From the port of Amsterdam, the ship would travel via the Noordzee kanaal through the Locks of IJmuiden into the North Sea. From the Port of Rotterdam, the ship would exit via Hoek van Holland. She would then make her way through the English Channel and cross the Gulf of Biscay, which was notorious for its violent storms. The Bay of Biscay flanks the west coast of France and north coast of Spain and opens to the Atlantic Ocean.
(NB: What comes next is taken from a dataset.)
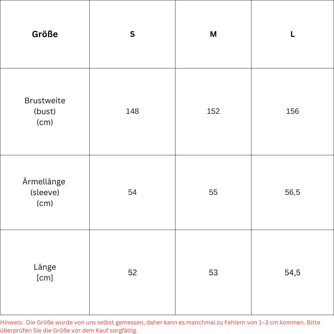 Pflegehinweis: Handwäsche oder Schonwaschgang bei 30°C, nicht bügeln, nicht bleichen.
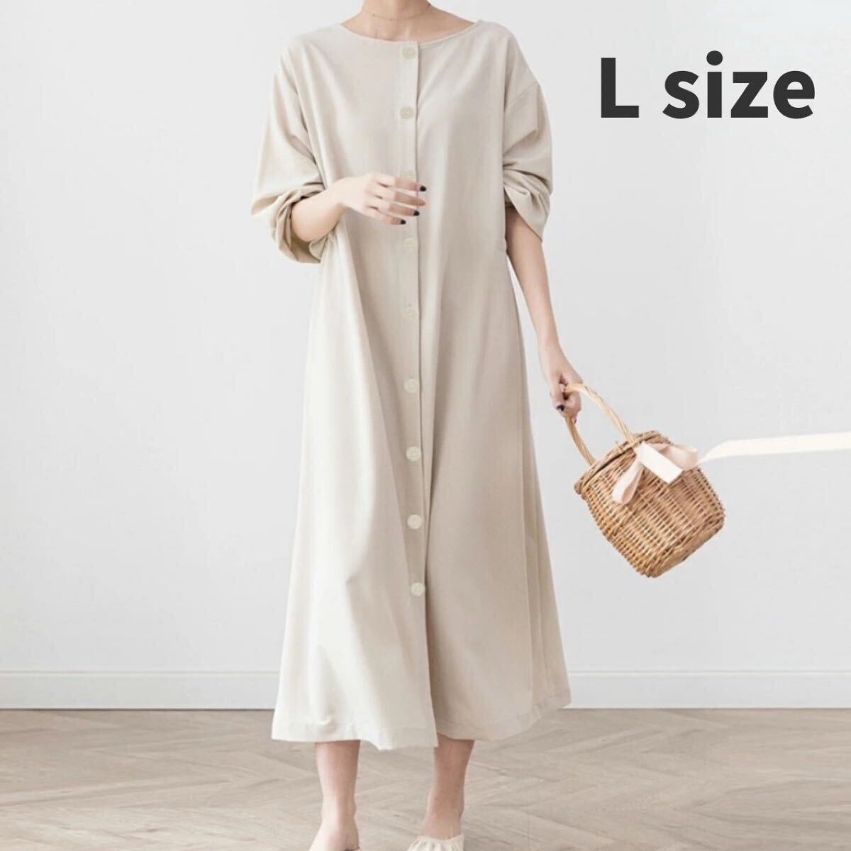 > H32★シャツワンピース ロングワンピース 長袖ワンピース カーディガン アイボリー ハイウエスト ゆったり 大人可愛い 通勤 レディース L

This wide area makes it so susceptible to the storms which prevail in winter.  In a calm sea this crossing would take just a day, but in rough heaving seas it could take several days. 
Map showing the sea route to Dutch East Indies taken by Nederland Line in red.

I made that journey as a child travelling with my family five times, first travelling from Calcutta to Amsterdam in 1953, then from Amsterdam to Singapore in 1954, then Singapore to Amsterdam in 1959, then again Singapore to Penang in 1960 and then back to Amsterdam in 1961. On that last trip, we went ashore in Genoa, Italy and took the train overland to Amsterdam, probably because my mother who always got so terribly sea sick, didn't want to make that crossing ever again. 

Meta looking out from her cabin

She might have also remembered that her mother Meta Peelen-Reith as a young bride, travelling to Java to get married, avoided the Bay of Biscay by taking the train from Luneburg, Germany to Genoa, where she boarded the ship Koningin Emma on 9th April 1914. The map and photos are from the album of her letters home to her parents.

The ship Koningin Emma being readied for the journey

Even if you didn't get seasick, like my father and I, it was hard work with the ship rolling and pitching. Getting back to your cabin was like climbing up a steep hill, while being thrown from side to side. The hand rails fixed to the walls now made sense. Everything that wasn't fixed would be rolling around. In the dining room the tables had raised edges, but the condiments still slid around and crashed to the floor. On one trip my parents had purchased oranges in Lissabon and had to hang them in the wardrobe to stop them from falling around the cabin.

Going back through the family tree I can trace several ancestors who made that trip - my great-great grandfather Reinier Scherius, my grandfather Rein Peelen, my grandparents Blomberg to name just a few. 

It was an iconic journey for us and also for many other Dutch with ties to Dutch East Indies.